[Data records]
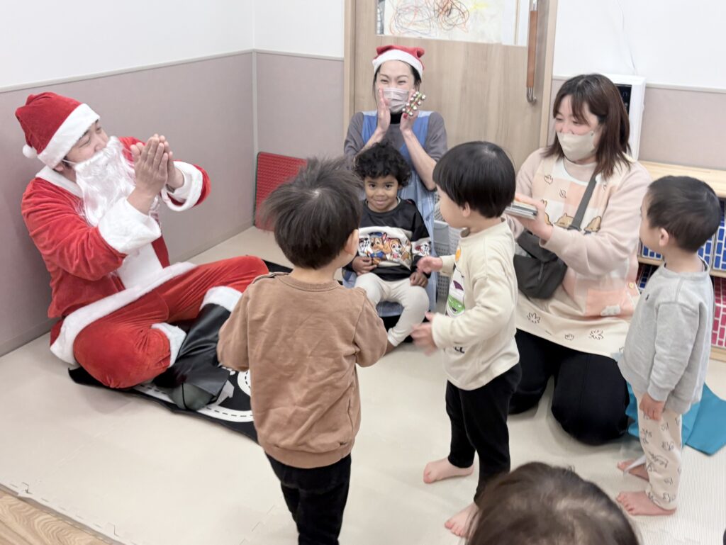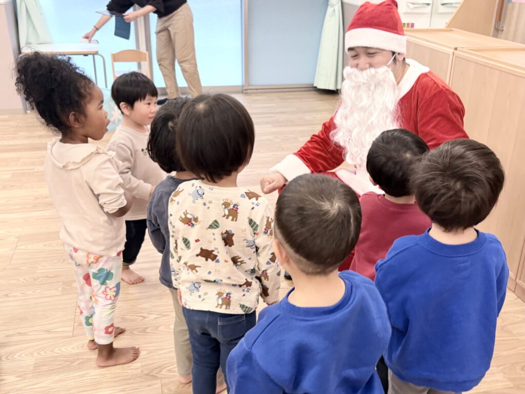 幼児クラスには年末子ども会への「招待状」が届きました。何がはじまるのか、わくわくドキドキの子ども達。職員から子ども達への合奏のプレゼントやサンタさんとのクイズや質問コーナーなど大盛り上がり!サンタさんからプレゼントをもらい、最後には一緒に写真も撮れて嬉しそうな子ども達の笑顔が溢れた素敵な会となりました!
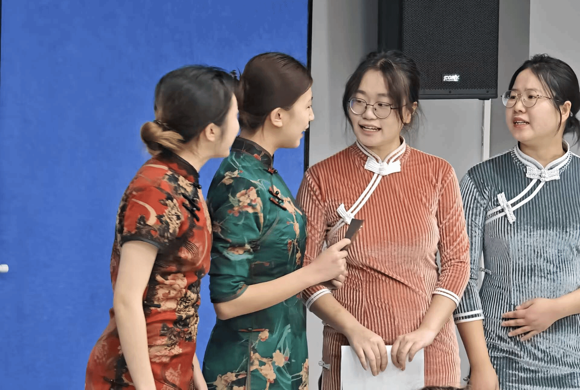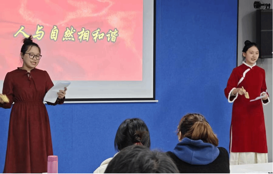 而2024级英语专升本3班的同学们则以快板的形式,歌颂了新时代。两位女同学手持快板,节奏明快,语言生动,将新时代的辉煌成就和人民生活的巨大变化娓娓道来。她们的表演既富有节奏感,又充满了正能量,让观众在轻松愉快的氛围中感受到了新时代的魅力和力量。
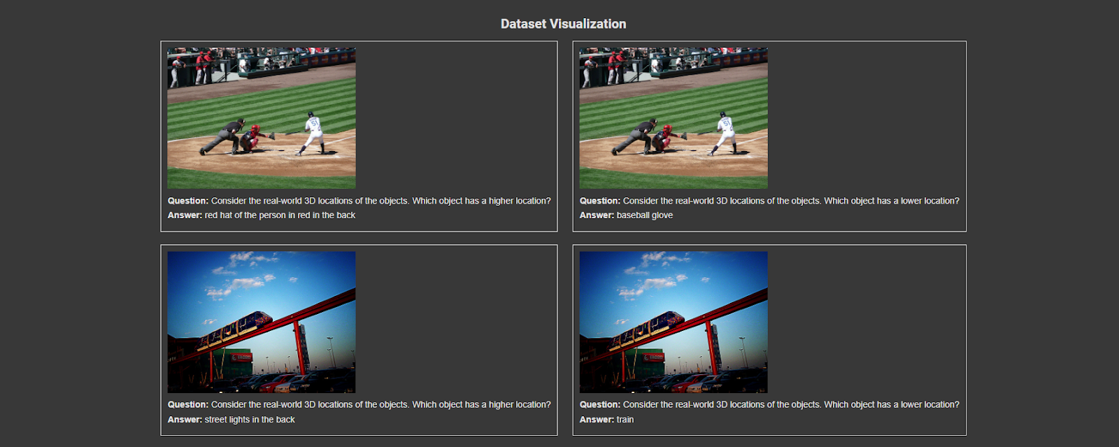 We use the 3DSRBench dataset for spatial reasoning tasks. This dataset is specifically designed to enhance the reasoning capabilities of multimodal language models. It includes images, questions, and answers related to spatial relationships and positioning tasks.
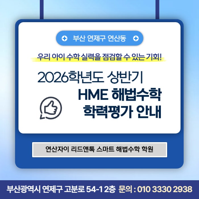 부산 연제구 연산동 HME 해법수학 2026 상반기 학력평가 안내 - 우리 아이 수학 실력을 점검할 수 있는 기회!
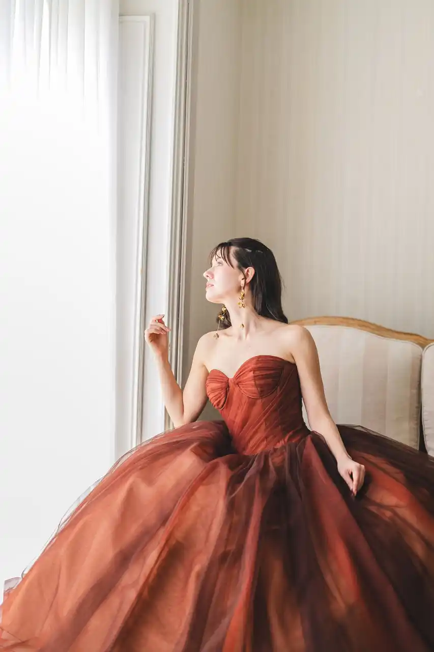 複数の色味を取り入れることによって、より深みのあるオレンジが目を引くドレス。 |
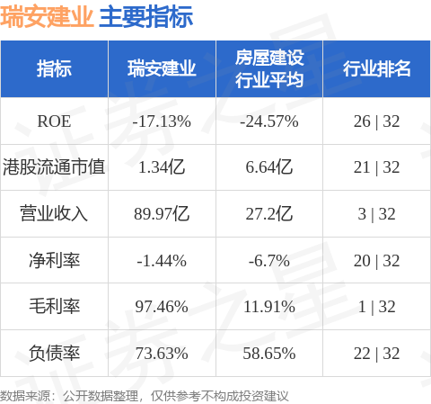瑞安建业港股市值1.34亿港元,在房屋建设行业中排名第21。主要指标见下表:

* [Prompt] Once the pictures are removed, reproduce the remaining entries above exactly.

* [Exercise result]
 幼児クラスには年末子ども会への「招待状」が届きました。何がはじまるのか、わくわくドキドキの子ども達。職員から子ども達への合奏のプレゼントやサンタさんとのクイズや質問コーナーなど大盛り上がり!サンタさんからプレゼントをもらい、最後には一緒に写真も撮れて嬉しそうな子ども達の笑顔が溢れた素敵な会となりました!
 而2024级英语专升本3班的同学们则以快板的形式,歌颂了新时代。两位女同学手持快板,节奏明快,语言生动,将新时代的辉煌成就和人民生活的巨大变化娓娓道来。她们的表演既富有节奏感,又充满了正能量,让观众在轻松愉快的氛围中感受到了新时代的魅力和力量。
 We use the 3DSRBench dataset for spatial reasoning tasks. This dataset is specifically designed to enhance the reasoning capabilities of multimodal language models. It includes images, questions, and answers related to spatial relationships and positioning tasks.
 부산 연제구 연산동 HME 해법수학 2026 상반기 학력평가 안내 - 우리 아이 수학 실력을 점검할 수 있는 기회!
 複数の色味を取り入れることによって、より深みのあるオレンジが目を引くドレス。 |
瑞安建业港股市值1.34亿港元,在房屋建设行业中排名第21。主要指标见下表:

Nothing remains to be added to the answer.